Al Franken Blasts Ted Cruz On Net Neutrality, Says He ‘Doesn’t Understand What This Issue IS’

Senator Al Franken blasted his colleague Ted Cruz on Candy Crowley’s “State of the Union” for Cruz’s remarks saying net neutrality would “stifle freedom, entrepreneurship and creativity online.” The liberal Senator from Minnesota, who won re-election by a whopping 12 points, said that net neutrality has been here since the beginning of the Internet and has given many outlets the freedom to build on entrepreneurship.

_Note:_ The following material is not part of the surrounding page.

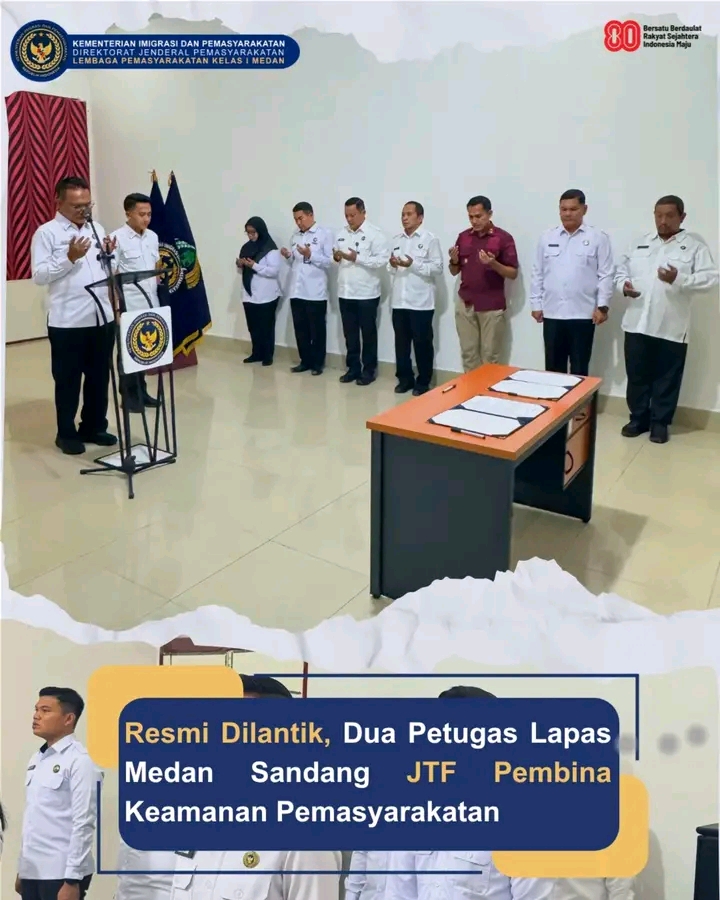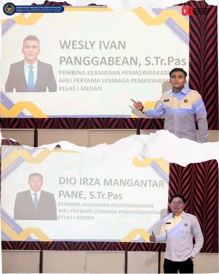 TIMELINES INEWS INVESTIGASI, Medan, 31 Juli 2025 Kabar membanggakan datang dari Lapas Kelas I Medan. Dua orang petugas, Dio Irza Mangantar Pane, S.Tr.Pas dan Wesly Ivan Panggabean, S.Tr.Pas, resmi dilantik sebagai Pejabat Fungsional Pembina Keamanan Pemasyarakatan Ahli Pertama.

When Crowley asked Franken about his Cruz’s Op-Ed in the Washington Postin which the McCarthy impersonator said “regulating the Internet threatens entrepreneurial freedom,” much like he believes the Affordable Care Act is “strangling our health-care” industry,” Franken responded just how he should have: with the facts.

CROWLEY: [Cruz wrote] “Net neutrality is Obamacare for the Internet. It would put the government in charge of determining Internet prices, terms of service and what types of products and services can be delivered, leading to fewer choices, fewer opportunities and higher prices. Government-regulated utilities invariably destroy innovation and freedom.” Your reaction?

FRANKEN: He has it completely wrong. He just doesn’t understand what this issue is. We’ve had net neutrality the entire history of the Internet, so when he says this is the Obamacare… Obamacare was a government program that fixed something, that changed things. This is about reclassifying something, so it stays the same. This would keep things exactly the same. And the pricing happens by the value of something.

Thank you, Senator Franken. Thank you for pointing out that net neutrality has nothing to do with left vs. right ideology. It’s simply a fact that a founding principle of the Internet is in fact net neutrality. That is a key part of what has made the Internet work, and has given companies the freedom to be innovative. If one supports freedom, they must support net neutrality. As Franken pointed out, take a look at the innovation that was Google Video and YouTube. Google had created a video system called “Google Video,” but a group of three entrepreneurs created YouTube, a better video delivery system. They both had equal access to Internet bandwidth, and consumers thought YouTube was better. Google then paid $1.65 billion dollars to acquire YouTube. If net neutrality was lost, then innovation, entrepreneurship and fairness in a global economy is lost.

So, again, thank you, Senator Franken, for calling out your ridiculous and fear-mongering colleague.